__Assigned task__. Reproduce the listing below from the line with "Altillo.com > Exámenes" to the line with "What's Making Walter", both lines included, character for character, minus any pictures.

__Raw data__.
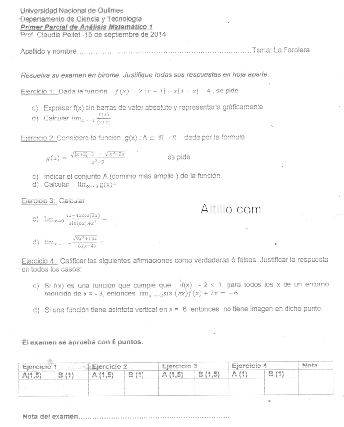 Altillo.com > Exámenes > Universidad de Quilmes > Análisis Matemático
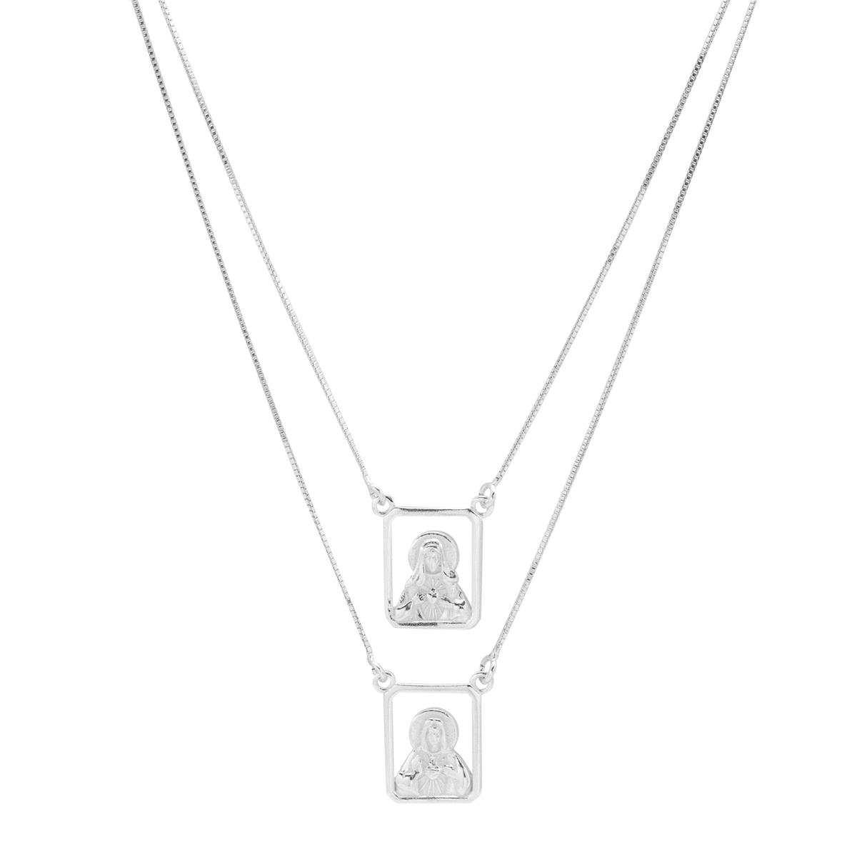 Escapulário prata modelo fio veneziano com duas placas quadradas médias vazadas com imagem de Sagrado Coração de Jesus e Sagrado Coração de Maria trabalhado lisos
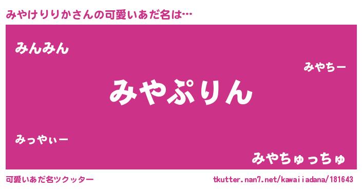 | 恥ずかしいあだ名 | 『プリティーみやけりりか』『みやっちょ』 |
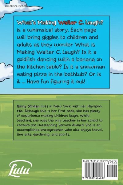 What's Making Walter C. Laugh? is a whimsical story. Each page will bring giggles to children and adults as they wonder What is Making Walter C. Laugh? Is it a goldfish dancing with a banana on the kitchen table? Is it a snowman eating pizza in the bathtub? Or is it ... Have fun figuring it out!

---

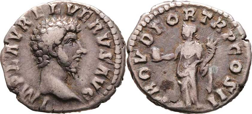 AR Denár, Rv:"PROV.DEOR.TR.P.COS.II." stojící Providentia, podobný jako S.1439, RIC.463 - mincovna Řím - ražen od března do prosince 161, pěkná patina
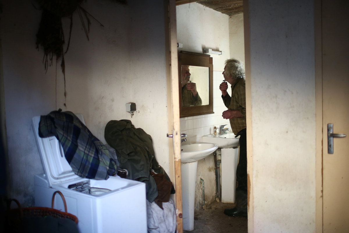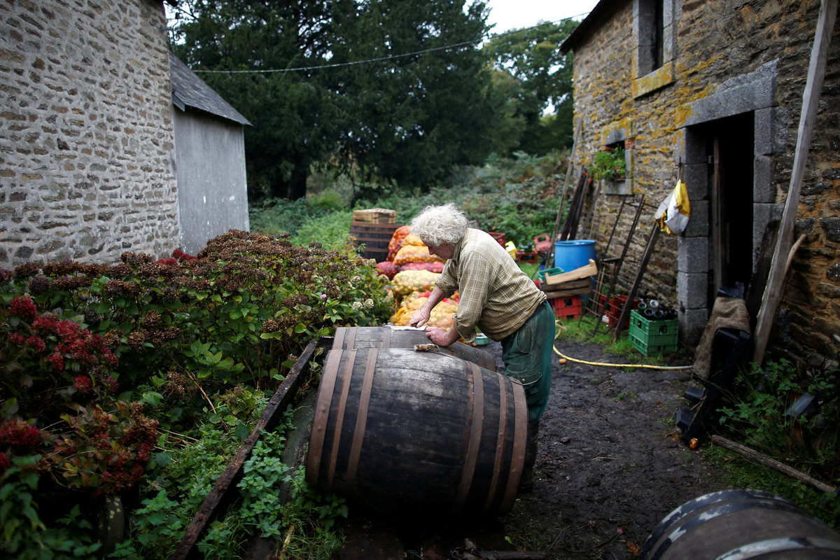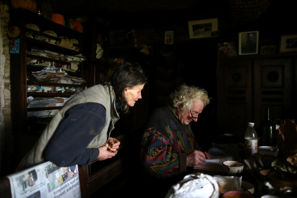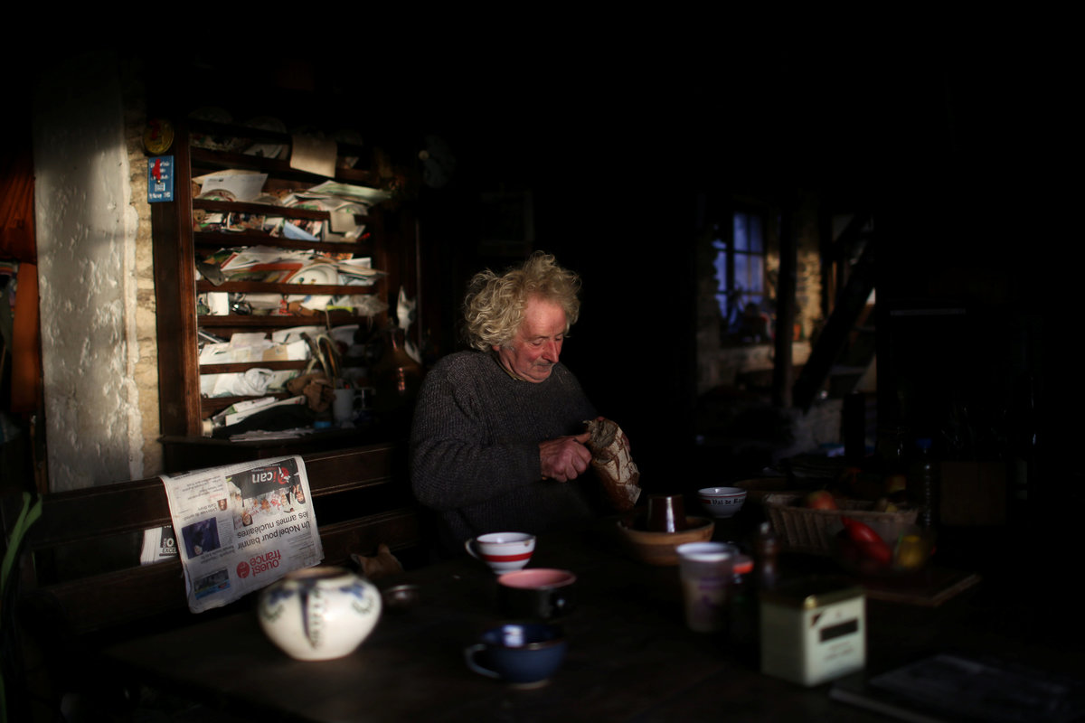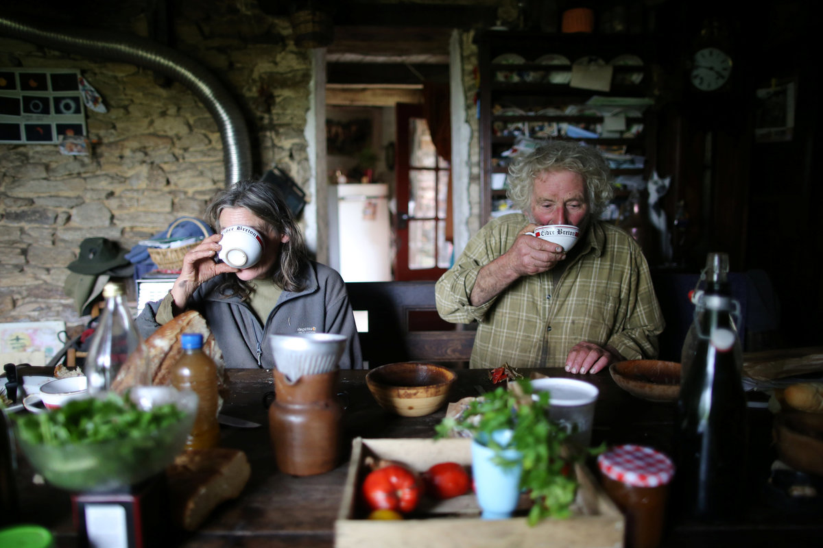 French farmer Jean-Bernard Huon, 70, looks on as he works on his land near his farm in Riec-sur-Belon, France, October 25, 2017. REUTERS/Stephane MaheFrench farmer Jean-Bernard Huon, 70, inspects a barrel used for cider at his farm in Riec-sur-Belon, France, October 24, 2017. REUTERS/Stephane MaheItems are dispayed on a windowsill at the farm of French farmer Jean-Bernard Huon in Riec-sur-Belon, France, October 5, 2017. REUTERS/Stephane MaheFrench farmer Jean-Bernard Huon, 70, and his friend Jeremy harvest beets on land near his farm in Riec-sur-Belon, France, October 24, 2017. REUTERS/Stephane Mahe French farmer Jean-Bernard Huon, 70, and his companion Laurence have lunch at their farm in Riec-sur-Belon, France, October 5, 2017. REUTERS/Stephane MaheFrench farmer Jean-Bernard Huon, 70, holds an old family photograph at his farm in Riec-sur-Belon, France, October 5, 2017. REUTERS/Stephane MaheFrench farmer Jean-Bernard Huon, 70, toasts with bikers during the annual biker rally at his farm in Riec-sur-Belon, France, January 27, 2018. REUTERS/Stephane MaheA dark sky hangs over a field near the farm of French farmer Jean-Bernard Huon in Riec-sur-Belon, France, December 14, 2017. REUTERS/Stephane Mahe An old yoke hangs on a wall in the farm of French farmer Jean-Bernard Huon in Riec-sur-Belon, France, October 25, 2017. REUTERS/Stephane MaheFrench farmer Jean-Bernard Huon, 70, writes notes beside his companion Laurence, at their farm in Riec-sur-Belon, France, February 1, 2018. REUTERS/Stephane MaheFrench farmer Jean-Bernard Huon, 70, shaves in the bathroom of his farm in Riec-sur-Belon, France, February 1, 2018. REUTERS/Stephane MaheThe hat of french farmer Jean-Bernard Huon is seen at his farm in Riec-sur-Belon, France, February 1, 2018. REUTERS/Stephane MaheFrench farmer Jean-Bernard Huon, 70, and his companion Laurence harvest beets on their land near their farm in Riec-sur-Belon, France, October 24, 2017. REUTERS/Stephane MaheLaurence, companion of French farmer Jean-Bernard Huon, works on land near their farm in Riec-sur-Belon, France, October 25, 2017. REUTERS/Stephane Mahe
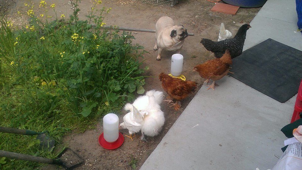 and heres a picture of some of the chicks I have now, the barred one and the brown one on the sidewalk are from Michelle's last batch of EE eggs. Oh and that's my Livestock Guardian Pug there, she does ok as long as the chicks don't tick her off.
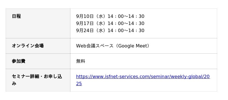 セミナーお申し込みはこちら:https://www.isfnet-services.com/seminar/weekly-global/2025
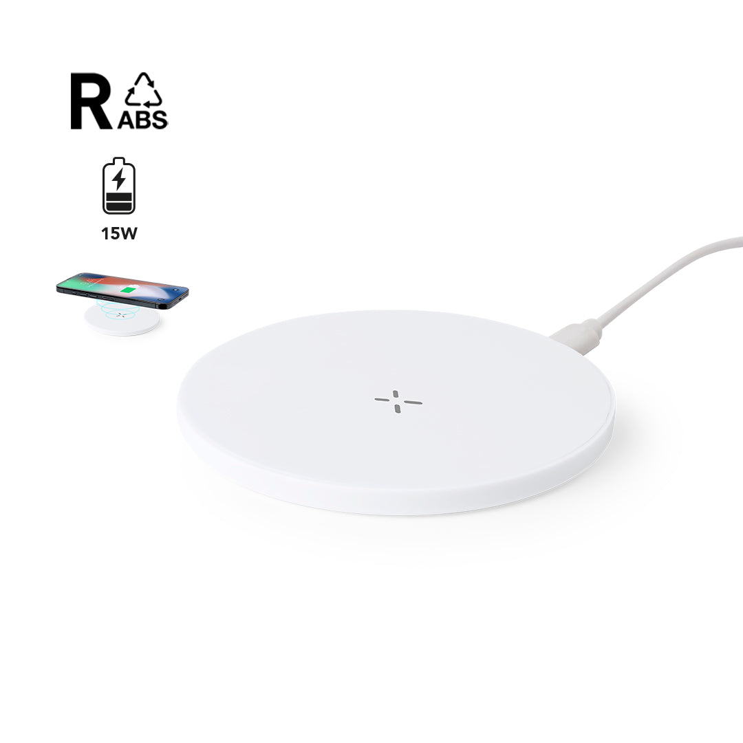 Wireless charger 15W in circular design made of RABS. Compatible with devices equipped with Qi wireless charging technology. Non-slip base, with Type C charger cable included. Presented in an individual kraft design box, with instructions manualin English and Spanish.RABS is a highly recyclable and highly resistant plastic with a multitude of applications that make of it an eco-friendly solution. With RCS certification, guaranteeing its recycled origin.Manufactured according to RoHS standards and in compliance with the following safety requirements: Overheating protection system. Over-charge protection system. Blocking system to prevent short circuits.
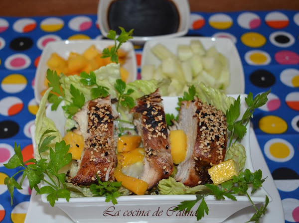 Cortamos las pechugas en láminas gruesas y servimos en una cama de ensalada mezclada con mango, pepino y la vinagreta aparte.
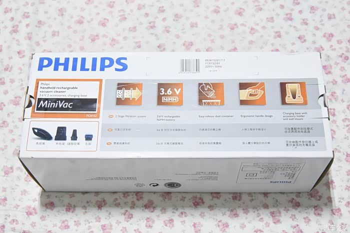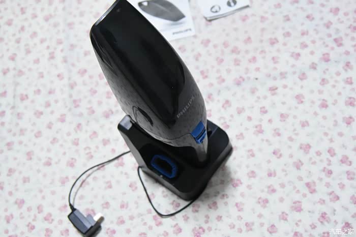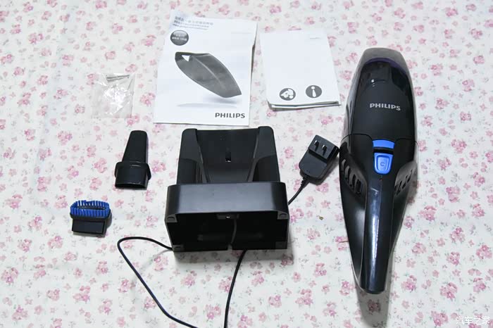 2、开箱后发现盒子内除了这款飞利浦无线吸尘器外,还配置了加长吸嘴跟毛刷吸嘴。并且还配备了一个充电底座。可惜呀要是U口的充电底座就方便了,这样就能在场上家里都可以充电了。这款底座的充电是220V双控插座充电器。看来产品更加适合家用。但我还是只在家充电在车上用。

__Answer to this exercise__.
 Altillo.com > Exámenes > Universidad de Quilmes > Análisis Matemático
 Escapulário prata modelo fio veneziano com duas placas quadradas médias vazadas com imagem de Sagrado Coração de Jesus e Sagrado Coração de Maria trabalhado lisos
 | 恥ずかしいあだ名 | 『プリティーみやけりりか』『みやっちょ』 |
 What's Making Walter C. Laugh? is a whimsical story. Each page will bring giggles to children and adults as they wonder What is Making Walter C. Laugh? Is it a goldfish dancing with a banana on the kitchen table? Is it a snowman eating pizza in the bathtub? Or is it ... Have fun figuring it out!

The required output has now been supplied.